# EXERCISE:
None of the pictures should appear; the lines from the line containing "深圳名校学区房价格表大全 最贵的近13万/平" through the last line of the listing must be repeated exactly.

DATA BELOW START

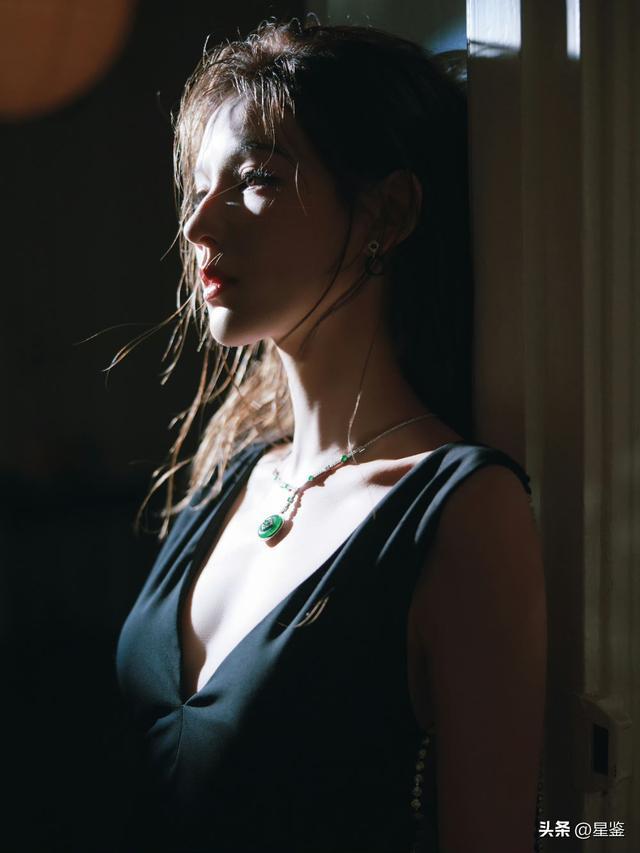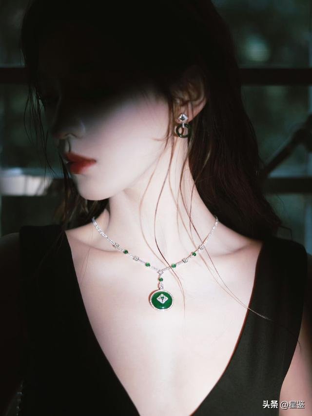 最点睛的当属那抹祖母绿配饰,冰种翡翠吊坠与耳饰温润通透,与冷调黑色礼服形成极致反差,冷艳中透着温婉东方韵味。湿发卷发造型随性又撩人,光影交错间,将现代礼服的摩登与东方珠宝的贵气融合得恰到好处。
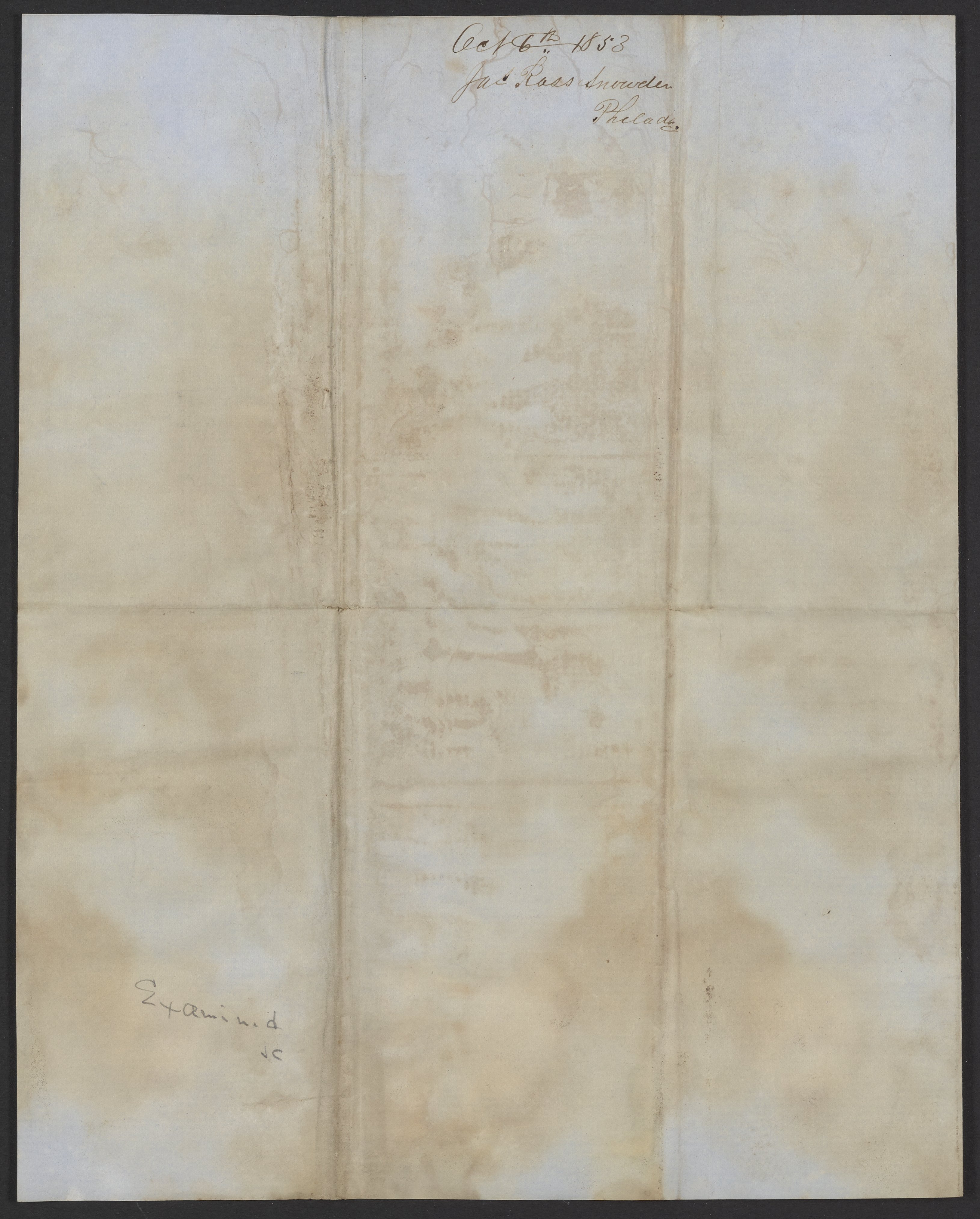 Letter from J. Ross Snowden to James Curtis Booth, October 6, 1853
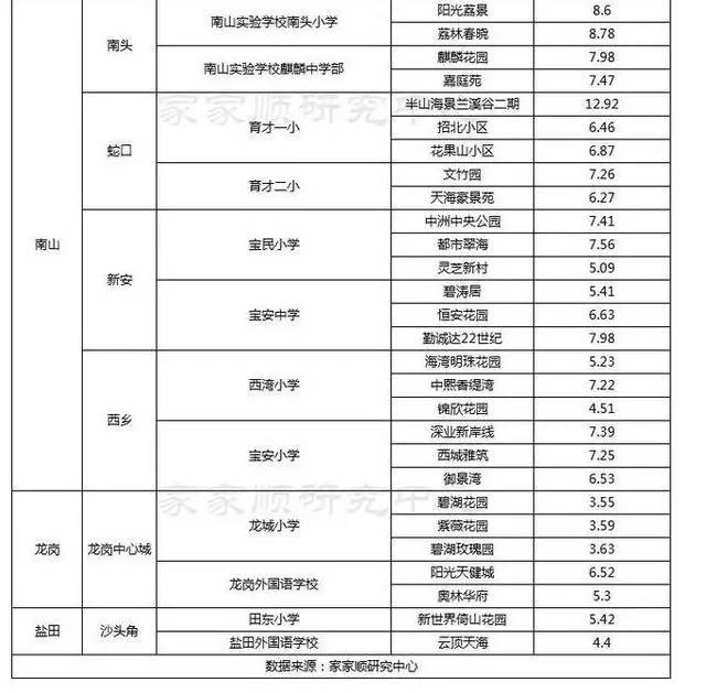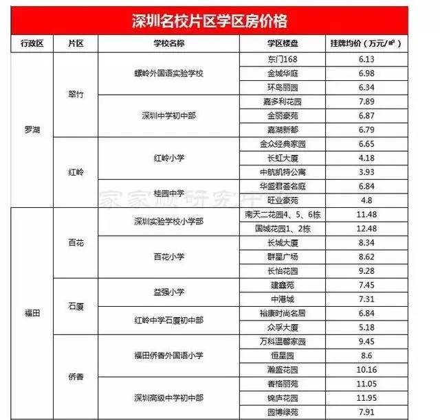 深圳名校学区房价格表大全 最贵的近13万/平
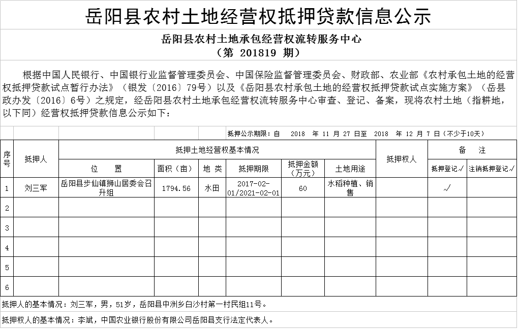 岳陽縣農(nóng)村土地經(jīng)營權(quán)抵押貸款信息公示(第 201819 期)

DATA BELOW END

# SOLUTION TO THIS EXERCISE:
 深圳名校学区房价格表大全 最贵的近13万/平
 岳陽縣農(nóng)村土地經(jīng)營權(quán)抵押貸款信息公示(第 201819 期)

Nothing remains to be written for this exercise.